Comment réduire le taux de roulement ?

Le roulement est naturel, inévitable et sain, entre autres parce qu’il permet à l’entreprise de se réorganiser et de renouveler ses compétences. Ce qu’on ne veut surtout pas, c’est perdre ses meilleurs employés. Il faut chercher à connaître à la fois les motifs des départs et les raisons pour lesquelles d’autres personnes restent : de cette façon, on peut atténuer le roulement et favoriser la stabilité. Cela dit, il faut s’attendre à ce que le taux de roulement augmente au cours des prochaines années. Tout d’abord, une génération moins loyale va remplacer une génération fidèle. Ensuite, en début de carrière, c’est tout à fait normal d’explorer le marché du travail, surtout dans un contexte de plein emploi et d’accès facile aux informations sur les occasions d’emploi. Les organisations devront donc s’adapter en faisant du recrutement continu et en puisant dans des bassins d’employés comme les travailleurs à la retraite et les immigrants.
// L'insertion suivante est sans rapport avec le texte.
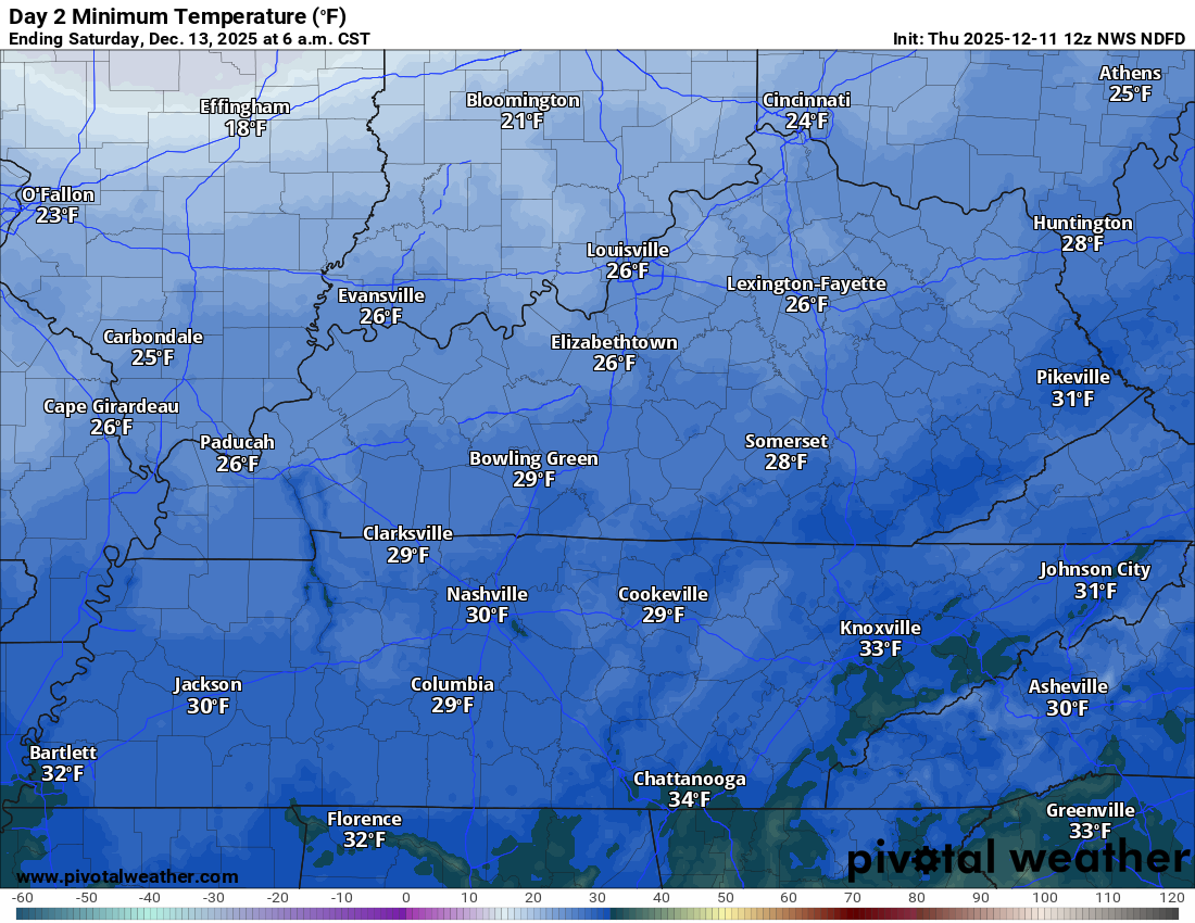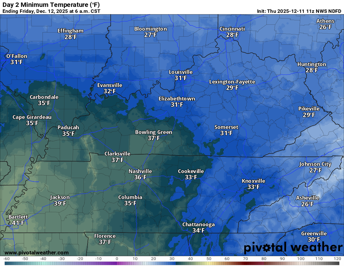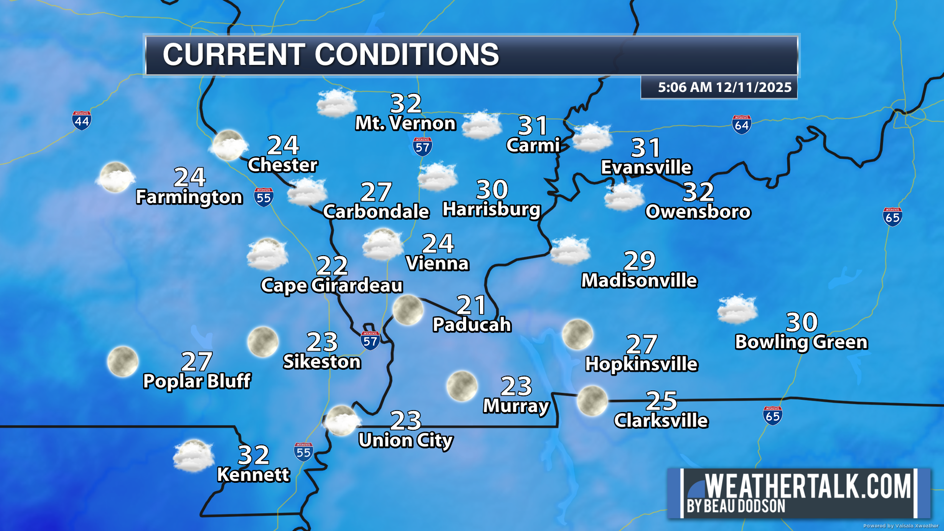 Lows tonight will be in the 30s, perhaps near freezing from Mt Vernon southeast to Owensboro.

Quel rôle les RH peuvent-elles jouer pour contribuer à l’innovation dans les entreprises ?

L’innovation est intimement reliée aux personnes : ce sont elles qui ont des idées, qui font preuve d’initiative et qui acceptent de prendre des risques. Créer un contexte propice à l’innovation nécessite un milieu où on se fait confiance et où on a réduit la peur de l’échec. Un processus judicieux de sélection du personnel est aussi un atout. Il faut miser sur la diversité en embauchant des gens différents provenant notamment de bassins nouveaux, avec des idées originales. On doit aussi responsabiliser les employés : la proposition d’idées doit faire partie de leur travail. L’acquisition de nouvelles connaissances par la formation est aussi à l’origine d’idées d’amélioration qui mènent à des innovations. On ne doit pas oublier de soutenir les gens qui osent et qui prennent de bonnes initiatives : dans ce cas, la reconnaissance est primordiale. Enfin, il est souhaitable de soutenir la création de communautés d’apprentissage et d’innovation rassemblant des gens qui travaillent dans des unités différentes et qui partagent certaines préoccupations.

En quoi les attentes des milléniaux sont-elles différentes de celles des générations précédentes ?

Je pense qu’on exagère l’écart actuel entre les milléniaux et les générations qui les ont précédés. Il faut reconnaître que la rupture a été beaucoup plus marquée dans les années 1960-1970, lorsque les baby-boomers actuels formaient la nouvelle génération. Il y a en ce moment des préoccupations qui sont dans l’air du temps, notamment la recherche de l’équilibre entre le travail et la vie personnelle, et qui ne sont pas exclusives aux milléniaux. Et on présume que ces jeunes ne vont pas changer, ce qui est faux. Cela dit, il ne faut pas nier les particularités de cette génération, qui va évoluer dans un contexte particulièrement exigeant où elle devra constamment se réinventer. À la base, je crois que les jeunes veulent surtout des patrons qui sont de bons coachs et des employeurs qui investissent dans leur développement. Avec l’accélération des départs à la retraite, le transfert des responsabilités sera inévitable d’ici quelques années. Il sera alors intéressant de voir quel genre de gestionnaires deviendront ces jeunes qui approchent de la trentaine.


Notes

1. Zhang, M. M., McNeil, N., Bartram, T., Dowling, P., Cavanagh, J., Halteh, P., et Bonias, D., « Examining the “Black Box” of Human Resource Management in MNEs in China – Exploring Country of Origin Effects », The international Journal of human Resource management, vol. 27, n° 8,2016, p. 832-849.

2. Okan, T., et Akyüz, A. M., « Exploring the Relationship between Ethical Leadership and Job Satisfaction with the Mediating Role of the Level of Loyalty to Supervisor », Business and economics Research Journal, vol. 6, n° 4, 2015, p. 155-177.

3. Mohammad, F. N., et Lenka, U., « How Does Mentoring Contribute to Gen Y Employees’ Intention to Stay? An Indian Perspective », europe’s Journal of Psychology, vol. 13, n° 2, mai 2017, p. 314-335.

4. Frenking, S., « Feel-Good Management as Valuable Tool to Shape Workplace Culture and Drive Employee Happiness », strategic hR Review, vol. 15, n° 1, 2016, p. 14-19.